Dicatia clorazepat (Transxen) is an analogue of benzodiazepine, it is transformed into the main metabolite of diazepam, has a greater activity and duration of antispastic action than diazepam. Its good effect is noted in the treatment in the form of a decrease in phasic reflexes to tension, has a slight sedative effect. The initial dose is 5 mg 4 times a day, then decreases to 5 mg twice a day.

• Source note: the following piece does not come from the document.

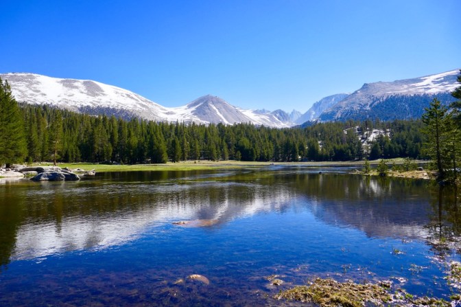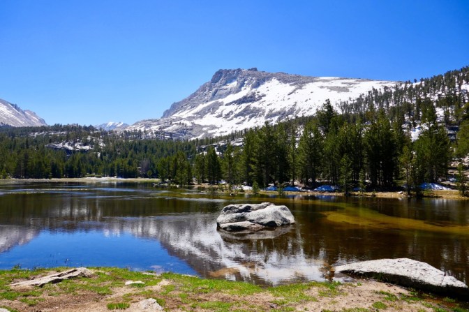 24.06.2017 – Heute geht es nach Bishop über den Kearsarge Pass. Der Pass gehört ebenfalls nicht zum PCT ist aber einer der wenigen Möglichkeiten nach Bishop, Independence oder Lone Pine zu kommen. Der sieben Meilen lange side Trail führt an mehreren Bergseen vorbei und ist eigentlich einfach zu gehen. Wenn da bloss nicht soviel Schnee wäre. Vor dem Aufstieg treffe ich dann aber erst noch mein erstes Reh auf dem PCT an.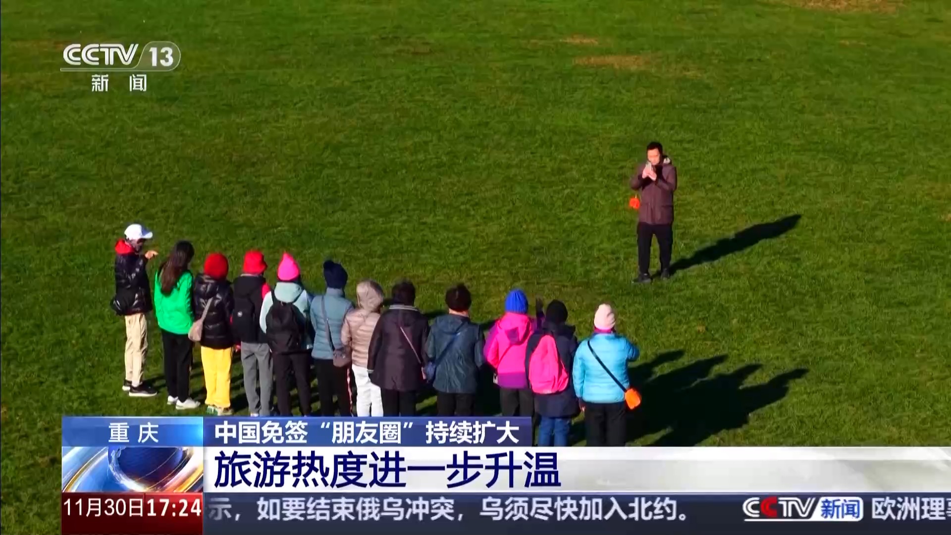 在重慶的著名旅游勝地武隆,各大景區(qū)接待的海外游客數(shù)量明顯增加,這些游客大多來自泰國、新加坡、馬來西亞等國家。29日一大早,重慶武隆仙女山景區(qū)就迎來了來自泰國的旅行團(tuán)。雖已入冬,仙女山仍然陽光明媚,滿目青翠,遠(yuǎn)道而來的游客或欣賞青山綠水,或與草原上的山羊合影,享受愜意時光。

Dantrolene, an imidazoline derivative, acts outside the central nervous system, mainly at the level of the muscle fibers. The mechanism of dantrolene action is the blocking of calcium release from the sarcoplasmic reticulum, which leads to a decrease in the contractility of skeletal muscles, a reduction in muscle tone and phasic reflexes, and an increase in the range of passive movements. An important advantage of dantrolene in relation to other muscle relaxants is its proven effectiveness with regard to spasticity not only of spinal, but also of cerebral genesis. The initial dose is 25 mg / day, with tolerability increasing the dose for 4 weeks to 400 mg / day. Side effects – drowsiness, dizziness, nausea, diarrhea, decreased glomerular filtration rate. Serious danger, especially in elderly patients at a dose of more than 200 mg / day, is a hepatotoxic effect, therefore, during the treatment period, it is necessary to regularly monitor liver function. Elimination of dantrolene by 50% is due to hepatic metabolism, in connection with this it is contraindicated in liver diseases. Caution should be observed in cases of severe cardiac or pulmonary diseases.

Catapresane – is used mainly for spinal injuries, acts on alpha-2-agonists of the brain, has presynaptic inhibition. Of the side effects observed decrease in blood pressure and depression. The initial dose is 0.05 mg 2 times a day, the maximum dose is 0.1 mg 4 times a day.

Temazepam – interacts with benzodiazepine receptors of the allosteric center of postsynaptic GABA receptors located in the limbic system, ascending activating reticular formation, hippocampus, intercalary neurons of the lateral horns of the spinal cord. As a result, channels for incoming currents of chloride ions are opened and thus the action of the endogenous inhibitory mediator GABA is potentiated. The recommended dose is 10 mg 3 times a day. Its combination with baclofen is effective.